The fluorescence properties of tryptophan derivatives in dioctyl sodium sulfosuccinate (AOT)/iso-octane/buffer reverse micelles were studied using the intrinsic fluorescence of the indole group. The fluorescence decay is more complex for both N-acetyl- 1-tryptophan-amide (NATA) and Human Serum Albumin (HSA) in AOT reverse micelles than in aqueous solution. Time-resolved anisotropy and fluorescence quenching studies using carbon tetrachloride suggest one species of NATA lies on the internal micellar interface and another lies embedded in the interfacial region.
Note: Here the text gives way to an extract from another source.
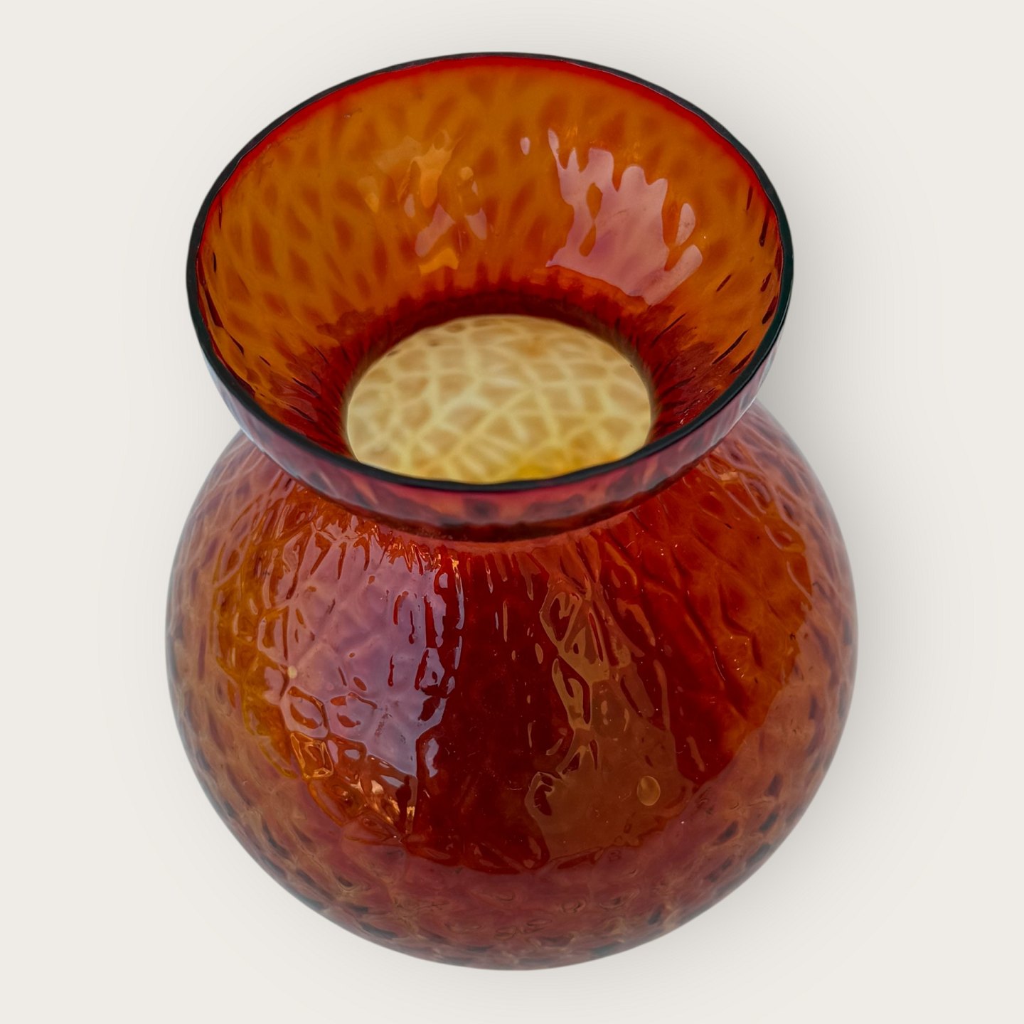 Hyacintglas, Fyens glasværk, Rødt, Med ru overflade, 10cm i diameter, 11cm høj *Pæn stand*

The fluorescence decay of HSA in AOT reverse micelles has three unchanging exponential components over the (omega) 0 (the ratio of the concentration of water to AOT) range 9 to 51, indicating the environment of the tryptophan residue does not change in this range of waterpool size. Fluorescence quenching experiments of HSA in reverse micelles using acrylamide and carbon tetrachloride show that, like NATA, HSA also lies in the interfacial region. There is a minimum in the static component of quenching by CCL4 of HSA in reverse micelles at (omega) - 0)$AP21. This may be due to conformational stability around this waterpool size, and providing this is not an HSA-specific effect, may correlate with the enhancement of enzyme activity often observed in reverse micelles at a particular waterpool size.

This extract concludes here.